[Prompt]
The data must be given again exactly as written, with all images omitted.

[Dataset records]
- - - - - - -

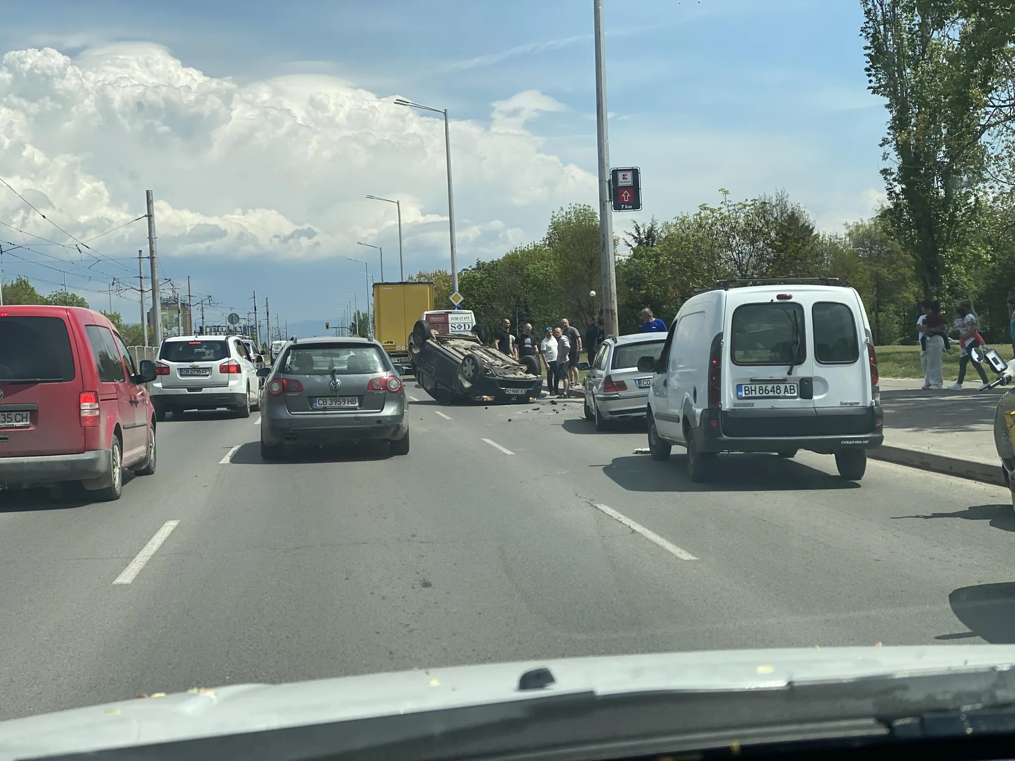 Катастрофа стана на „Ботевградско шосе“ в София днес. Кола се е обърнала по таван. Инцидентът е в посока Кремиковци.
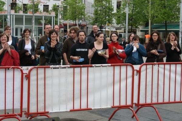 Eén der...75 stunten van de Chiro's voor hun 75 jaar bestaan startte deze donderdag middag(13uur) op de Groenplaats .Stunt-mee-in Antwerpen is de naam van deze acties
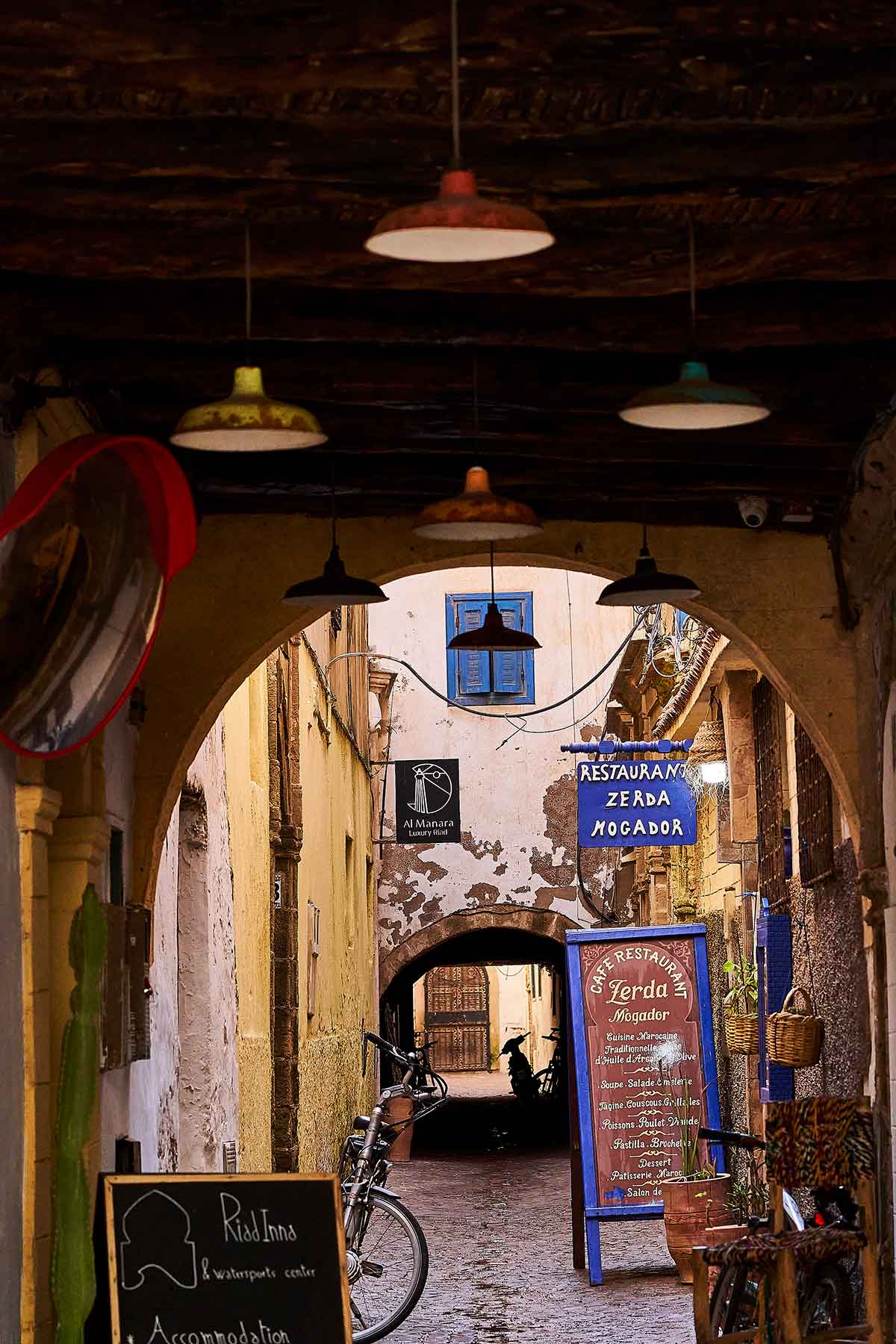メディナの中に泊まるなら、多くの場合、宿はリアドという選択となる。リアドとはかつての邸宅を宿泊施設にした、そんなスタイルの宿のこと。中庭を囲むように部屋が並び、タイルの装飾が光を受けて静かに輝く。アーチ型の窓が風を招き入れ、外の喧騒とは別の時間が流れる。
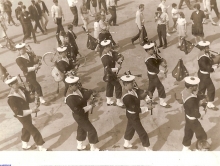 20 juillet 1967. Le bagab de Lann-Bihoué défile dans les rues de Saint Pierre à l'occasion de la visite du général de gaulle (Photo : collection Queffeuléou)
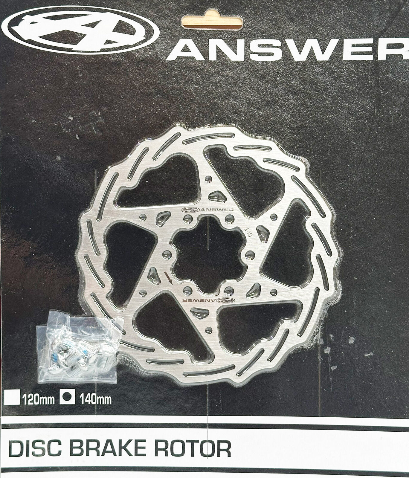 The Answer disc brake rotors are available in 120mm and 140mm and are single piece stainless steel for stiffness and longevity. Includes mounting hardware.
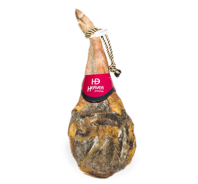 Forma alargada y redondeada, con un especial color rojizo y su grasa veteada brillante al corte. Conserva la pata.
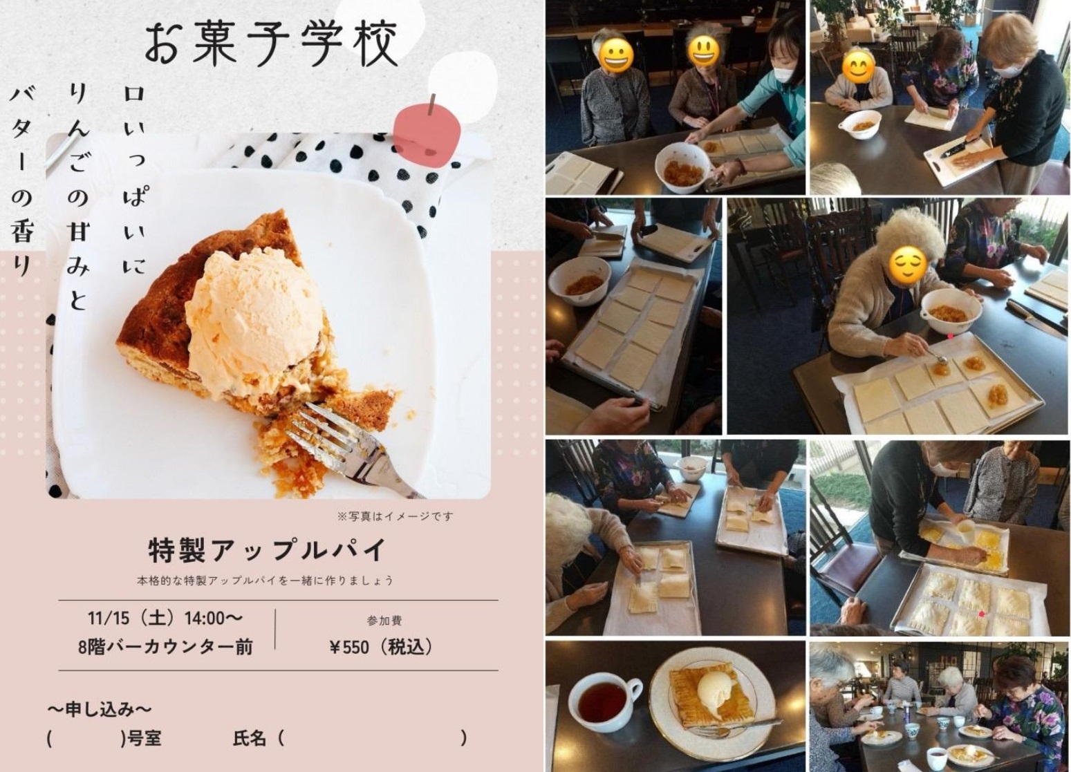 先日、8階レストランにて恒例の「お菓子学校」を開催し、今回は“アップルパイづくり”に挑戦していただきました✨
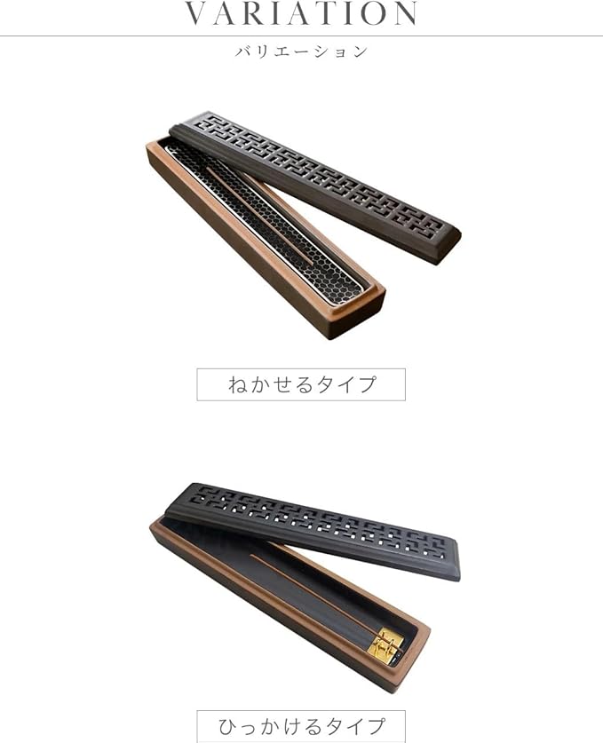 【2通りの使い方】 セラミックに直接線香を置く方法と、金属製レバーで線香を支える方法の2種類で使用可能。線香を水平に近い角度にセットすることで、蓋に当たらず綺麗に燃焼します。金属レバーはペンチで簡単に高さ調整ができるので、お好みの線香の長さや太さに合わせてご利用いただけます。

- - - - - - -

[Expected answer]
 Катастрофа стана на „Ботевградско шосе“ в София днес. Кола се е обърнала по таван. Инцидентът е в посока Кремиковци.
 Eén der...75 stunten van de Chiro's voor hun 75 jaar bestaan startte deze donderdag middag(13uur) op de Groenplaats .Stunt-mee-in Antwerpen is de naam van deze acties
メディナの中に泊まるなら、多くの場合、宿はリアドという選択となる。リアドとはかつての邸宅を宿泊施設にした、そんなスタイルの宿のこと。中庭を囲むように部屋が並び、タイルの装飾が光を受けて静かに輝く。アーチ型の窓が風を招き入れ、外の喧騒とは別の時間が流れる。
 20 juillet 1967. Le bagab de Lann-Bihoué défile dans les rues de Saint Pierre à l'occasion de la visite du général de gaulle (Photo : collection Queffeuléou)
 The Answer disc brake rotors are available in 120mm and 140mm and are single piece stainless steel for stiffness and longevity. Includes mounting hardware.
 Forma alargada y redondeada, con un especial color rojizo y su grasa veteada brillante al corte. Conserva la pata.
 先日、8階レストランにて恒例の「お菓子学校」を開催し、今回は“アップルパイづくり”に挑戦していただきました✨
 【2通りの使い方】 セラミックに直接線香を置く方法と、金属製レバーで線香を支える方法の2種類で使用可能。線香を水平に近い角度にセットすることで、蓋に当たらず綺麗に燃焼します。金属レバーはペンチで簡単に高さ調整ができるので、お好みの線香の長さや太さに合わせてご利用いただけます。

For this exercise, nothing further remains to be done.